Une grosse lune rousse, dans un voile de sang, se lève au dessus des carcasses calcinées d’autobus dont on devine à peine les formes déchiquetées, alignées sur l’autoroute à arches de métal.

Le cadavre tout gonflé d’un homme… ou d’une femme, flotte à la surface d’un étang situé près d’un village. Une forêt, entre le village et l’autoroute, s’étend, bruissante de feuillage d’un côté, craquante de branches mortes de l’autre côté…

Les petits vieux les plus valides de la maison de retraite du village partent chaque jour en excursion jusque sous les arches de l’autoroute et regardent pisser les bus, n’osant allumer leur pipe ou leur cigarette. Les bus pissent dru parce que les réservoirs d’essence sont vrillés et que les cadavres sur les sièges suent de pus noirâtre.

Oscar, le lunatique à face de renard, en déboutonnant sa braguette, s’époumone en direction d’Ursuline :

« eh, Pipine, quand tu auras fini de te tripoter la figue, tu m’expliqueras pourquoi y’a plus de tourterelles autour de la maison de retraite ! »

« C’est les Bonnes Sœurs qui les ont piégées pour leur bouffer le foie ! »

« Saloperie, va ! On les entendra plus roucouler à l’heure de la sieste. Mais j’aurai bien aimé sucer les carcasses de ces bestioles ! Tu viens avec moi dans la forêt, Pipine ? »

« De quel côté ? Celui tout vert, ou celui tout sec ? »

« N’importe ! J’ai une vie intérieure aussi riche dans le vert que dans le rachitique ! »

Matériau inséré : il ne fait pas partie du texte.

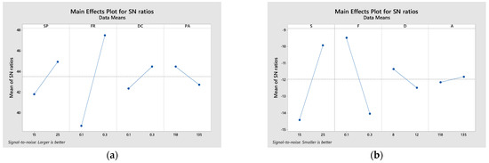 A higher value for MRR (i.e., “higher-the-better”) corresponds to an improved machining performance, while Ra should have lower values (i.e., “lower-the-better”). SNR is used to quantify quality characteristics that deviate from the intended value in the Taguchi method. The SNR is defined by Equations (2) and (3), in [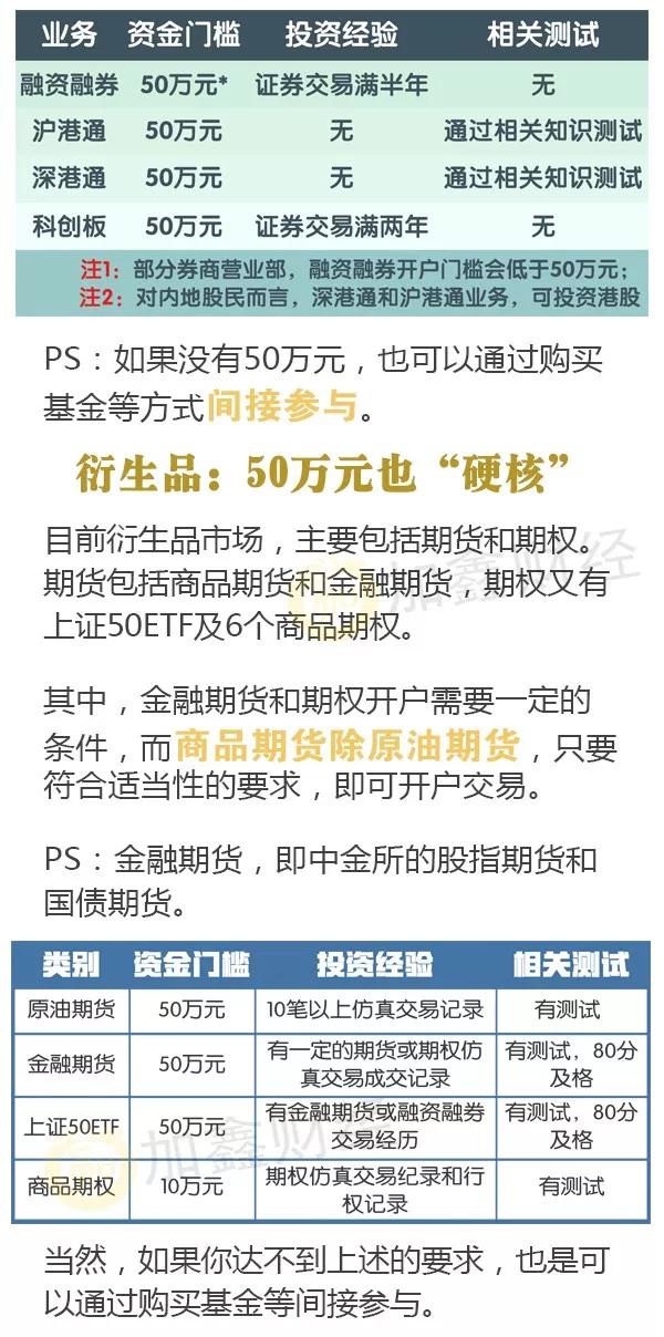 目前中国资本市场主要投资工具,包括A股和衍生品(期货、期权),而近日随着科创板细则的出炉,A股和期货的投资门槛也再度更新!从资金门槛来说,50万元几乎都可以参与,但是像融资融券业务、科创板等,对于投资经验也有一定的要求……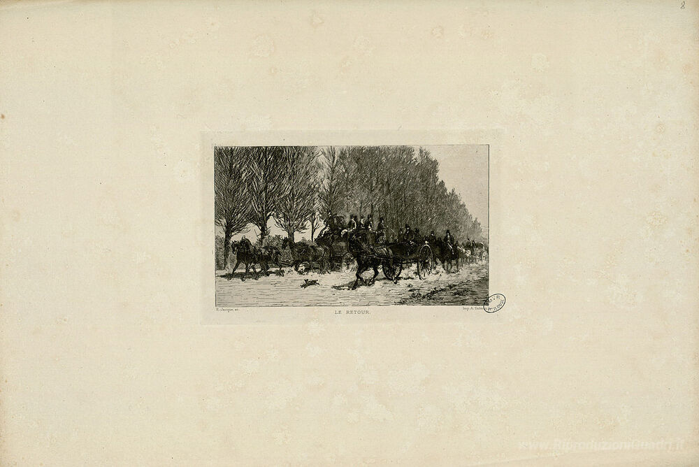 Ti offriamo una riproduzione artigianale su tela dell'opera famosa 'Le Retour' di Charles Jacque, dal Museo delle Riproduzioni.

Au moment précis où la vieille Ursuline ôte son slip et le jete sur la tête du cadavre dans l’étang, rotant un bec de tourterelle et pétant trois noyaux d’olive, un grand astronef flamboyant, au ventre d’araignée vert et or et aux pattes d’éléphant, emplit tout le milieu du ciel.

Une aspiration gigantesque se produit, un tourbillon se forme, et dans le cône du typhon, tout disparait, tout fond, tout se liquéfie.

Il ne reste bientôt plus que la boursouflure d’une peau de pomme, comme sur un bout de drap froissé, là où flotte le cadavre sur l’étang.

Après le tourbillon, l’astronef éclate et des visages s’éparpillent à l’infini.